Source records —
- Opening Delimiter -
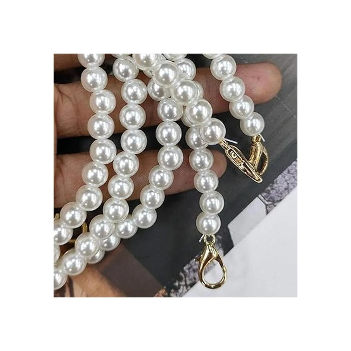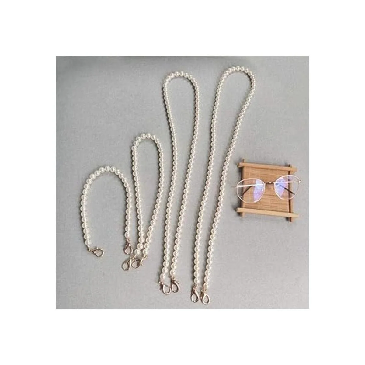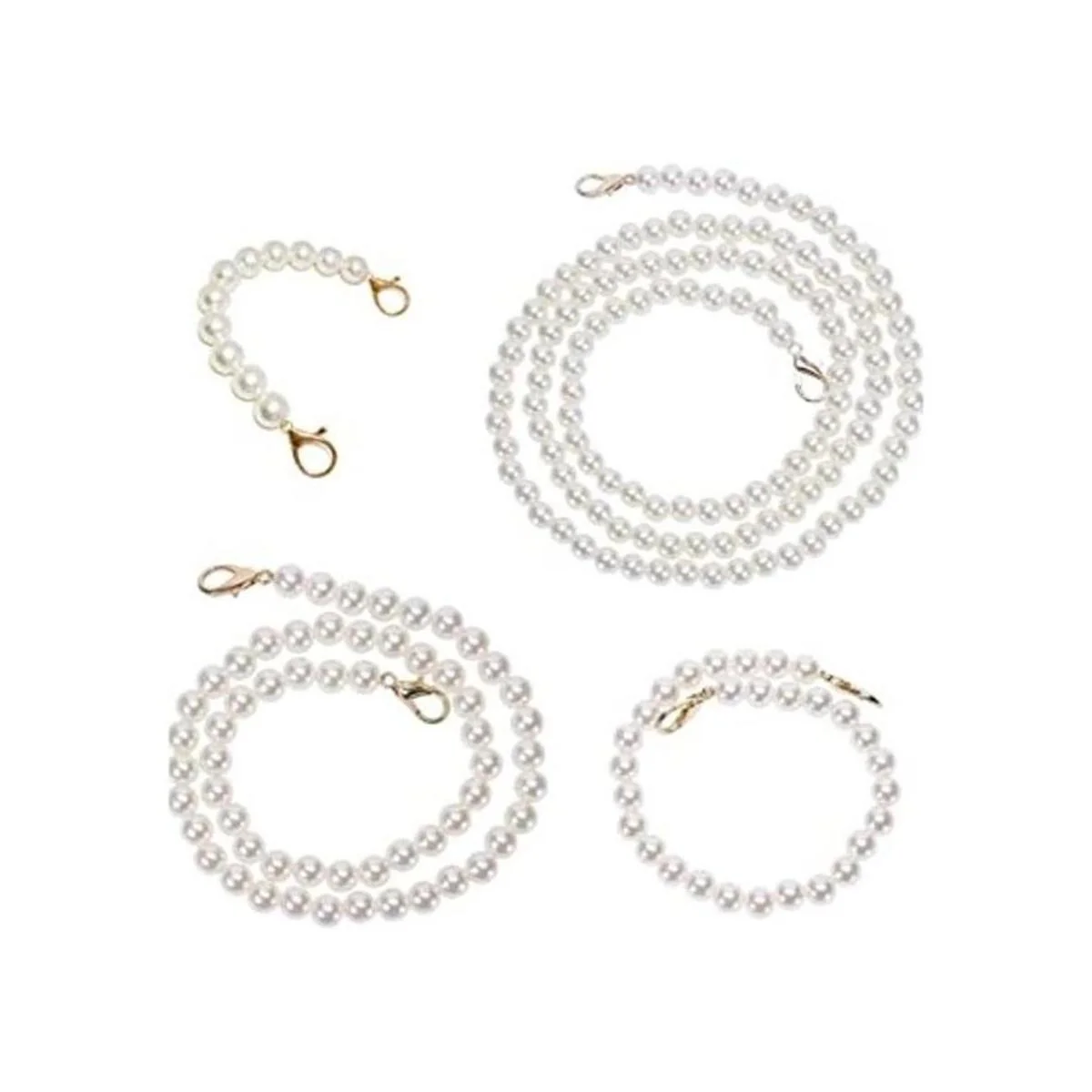 Paquete: el paquete incluye 4 correas de cadena de perlas de repuesto en 4 longitudes diferentes.
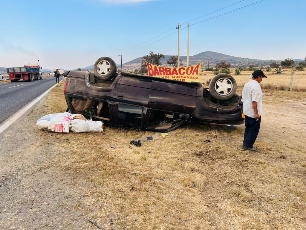 En el lugar encontraron volcada y con las llantas hacia arriba una marca Chevrolet, color vino, placas NMB-67-93 del Estado de México, quedó fuera de la carpeta asfáltica y los lesionados esparcidos.
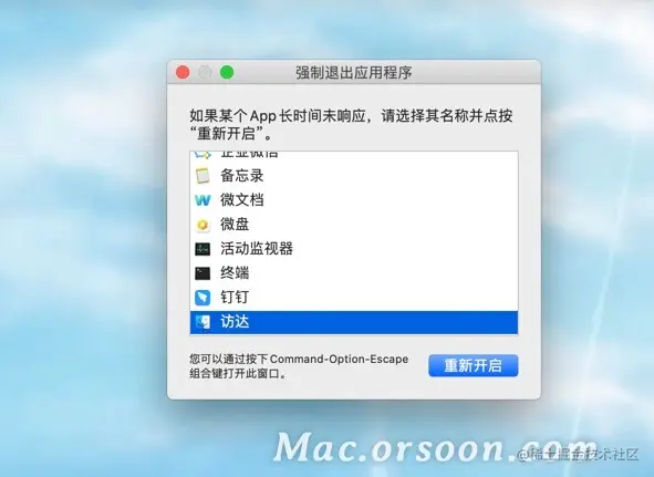 注意:您也可以使用键盘快捷键Option-Command-Esc启动强制退出。
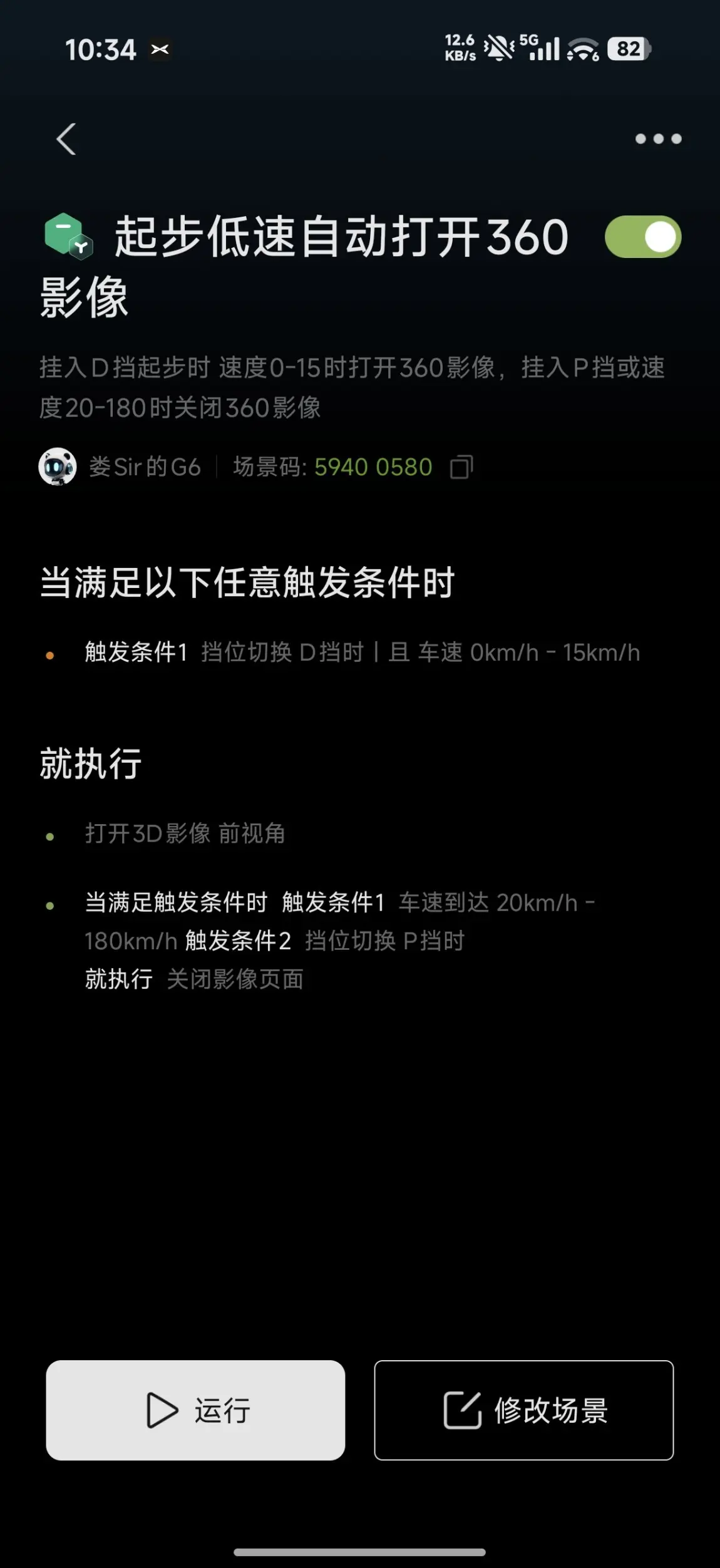 起步启动360影像,平常开车起步很少去绕行车辆一圈,很多小狗小猫和小朋友在视角盲区里面,看不到很正常,开启这个起步360影像启动的智慧场景后,感觉安全了很多。心里面也安全多了。推荐鹏友们也用这个智慧场景!
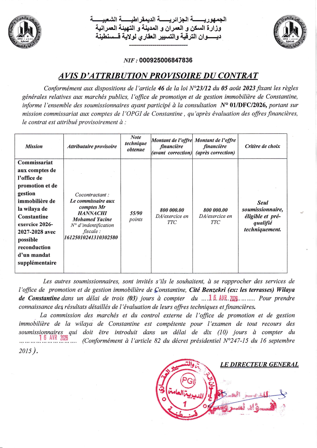 Avis d'attribution provisoire: consultation N° 01/DFC/2026 portant sur mission commissariat aux comptes de l' OPGI de Constantine
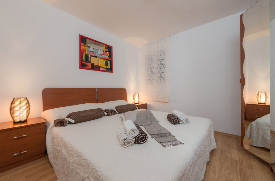 Debido a su ubicación excepcional y su confortable interior en Villa Zlatni Rata reina idílicamente atmósfera, perfecto para pasar unas vacaciones de verano sin preocupaciones. Villa Zlatni Rata encontrado en Dolor en Brač, más precisamente en las inmediaciones las playas mas hermosas en la isla, playas La guerra de oro. La lujosa residencia dálmata, que también se puede alquilar, fascina por su estilo tradicional mediterráneo y su extraordinaria interior domestico, pero también impresiona con una excepcional terraza, jardín, vegetación mediterránea y una gran piscina al aire libre. La lujosa Villa Zlatni rat tiene tres dormitorios, dos baños y una gran sala de estar y es adecuada para alojamiento para seis personas.
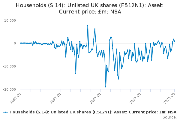 Download this time seriesHouseholds (S.14): Unlisted UK shares (F.512N1): Asset: Current price: £m: NSA
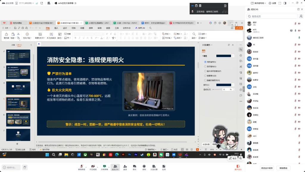 学院党委副书记强调,宿舍安全是校园稳定的基础,要求全体学生树立“安全第一”意识,将安全规范转化为日常习惯。此次线上班会突破时空限制,实现全员覆盖,有效提升学生安全防范能力,为构建平安校园注入新动力。
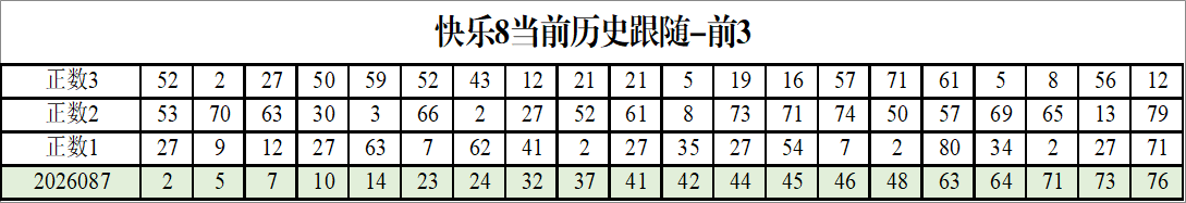 我感觉选热的同时,还要注意防冷条件开出,可以直接选取每个号码跟随出次前三的号码,也可以考虑把出次最后的三个数字加进去,不过这样可能号码太多,可以尝试。图上也能看出单独号码跟随的情况,我就不一一统计每个号码的出次了,我这里考虑提高概率,取每个号码历史跟随的前三号码和后三号码,根据2026087期的号码,我关注正数3和倒数3的号码号码为:
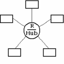 Когда используется топология звезда, то каждый компьютер (и т.п.) подключен отдельным проводом к отдельному порту устройства, называемого концентратором или повторителем (репитер), или хабом (Hub).
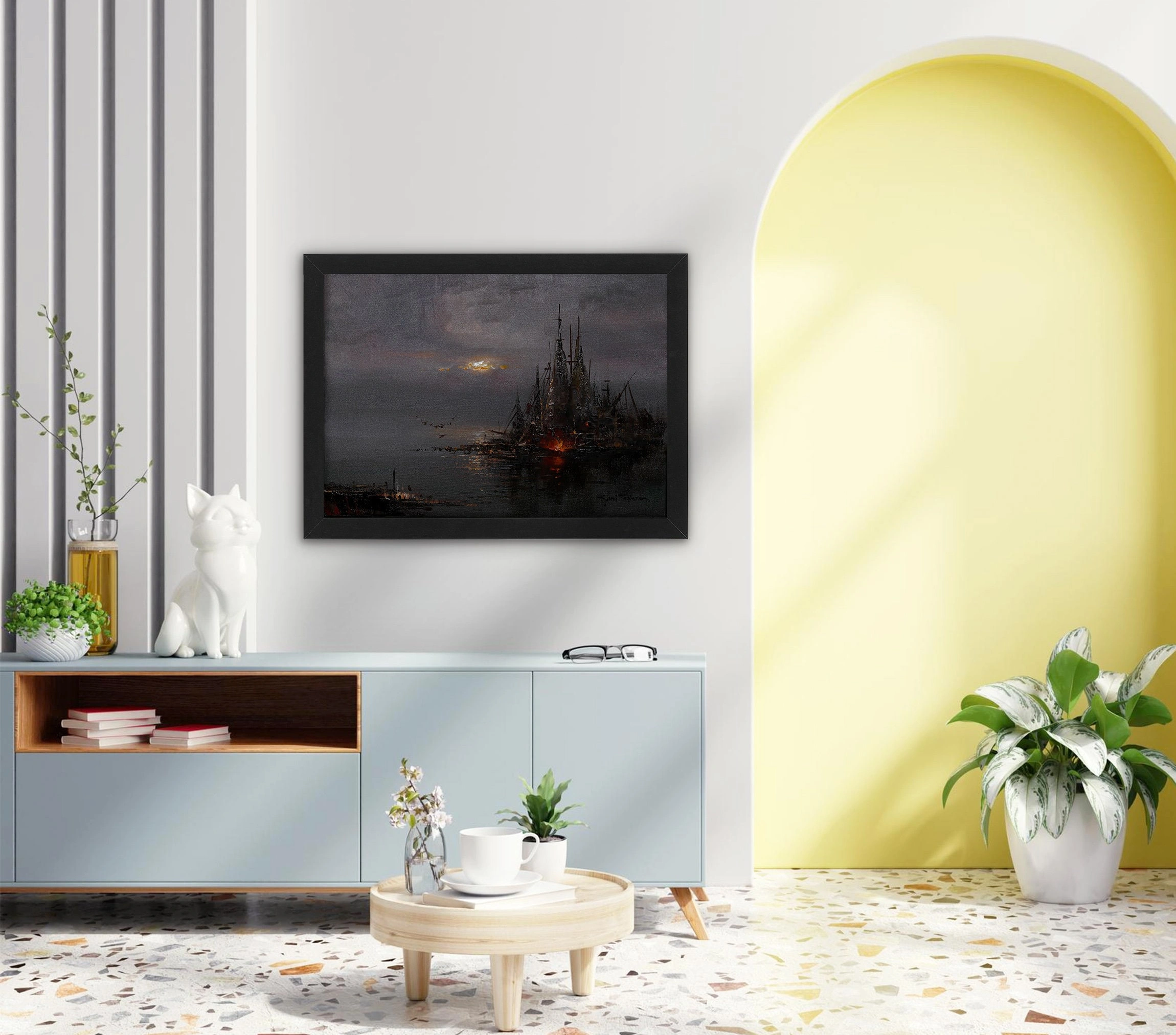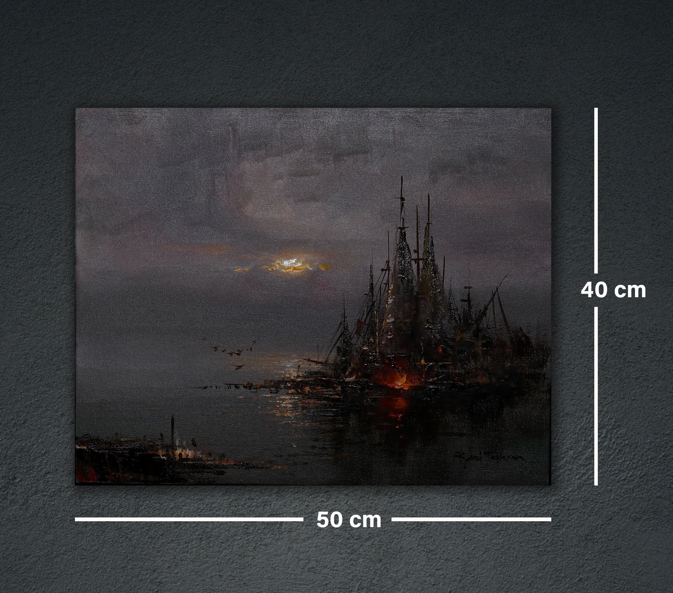 Günbatımında denizdeki teknelerin resmedildiği yağlıboya kanvas tablo, evinizi adeta bir vahaya dönüştürecek. Bu çarpıcı İstanbul tablosu, antik İstanbul kentinin güzelliğini ve duvarlarınıza taşıyor. İstanbul deniz temalı bu tablo, hareketli şehrin güzel bir kıyı manzarasına sahiptir. Etkileyici mavi tonlar, İstanbul'un büyüsünü yakalayan diğer unsurlarla tamamlanıyor. Bu muhteşem İstanbul manzarası tablo ile İstanbul'un güzelliğini yaşayın. İster anlamlı bir ev hediyesi olarak, isterseniz kendi koleksiyonunuz için çarpıcı bir parça arıyor olun, bu İstanbul resminin sizi etkileyeceğinden emin olabilirsiniz.
- Closing Delimiter -
Exercise — The expected output is an exact copy of the lines from the top of the data above through the line containing "Когда используется топология", both included, with every picture omitted.

Response area —
 Paquete: el paquete incluye 4 correas de cadena de perlas de repuesto en 4 longitudes diferentes.
 En el lugar encontraron volcada y con las llantas hacia arriba una marca Chevrolet, color vino, placas NMB-67-93 del Estado de México, quedó fuera de la carpeta asfáltica y los lesionados esparcidos.
 注意:您也可以使用键盘快捷键Option-Command-Esc启动强制退出。
 起步启动360影像,平常开车起步很少去绕行车辆一圈,很多小狗小猫和小朋友在视角盲区里面,看不到很正常,开启这个起步360影像启动的智慧场景后,感觉安全了很多。心里面也安全多了。推荐鹏友们也用这个智慧场景!
 Avis d'attribution provisoire: consultation N° 01/DFC/2026 portant sur mission commissariat aux comptes de l' OPGI de Constantine
 Debido a su ubicación excepcional y su confortable interior en Villa Zlatni Rata reina idílicamente atmósfera, perfecto para pasar unas vacaciones de verano sin preocupaciones. Villa Zlatni Rata encontrado en Dolor en Brač, más precisamente en las inmediaciones las playas mas hermosas en la isla, playas La guerra de oro. La lujosa residencia dálmata, que también se puede alquilar, fascina por su estilo tradicional mediterráneo y su extraordinaria interior domestico, pero también impresiona con una excepcional terraza, jardín, vegetación mediterránea y una gran piscina al aire libre. La lujosa Villa Zlatni rat tiene tres dormitorios, dos baños y una gran sala de estar y es adecuada para alojamiento para seis personas.
 Download this time seriesHouseholds (S.14): Unlisted UK shares (F.512N1): Asset: Current price: £m: NSA
 学院党委副书记强调,宿舍安全是校园稳定的基础,要求全体学生树立“安全第一”意识,将安全规范转化为日常习惯。此次线上班会突破时空限制,实现全员覆盖,有效提升学生安全防范能力,为构建平安校园注入新动力。
 我感觉选热的同时,还要注意防冷条件开出,可以直接选取每个号码跟随出次前三的号码,也可以考虑把出次最后的三个数字加进去,不过这样可能号码太多,可以尝试。图上也能看出单独号码跟随的情况,我就不一一统计每个号码的出次了,我这里考虑提高概率,取每个号码历史跟随的前三号码和后三号码,根据2026087期的号码,我关注正数3和倒数3的号码号码为:
 Когда используется топология звезда, то каждый компьютер (и т.п.) подключен отдельным проводом к отдельному порту устройства, называемого концентратором или повторителем (репитер), или хабом (Hub).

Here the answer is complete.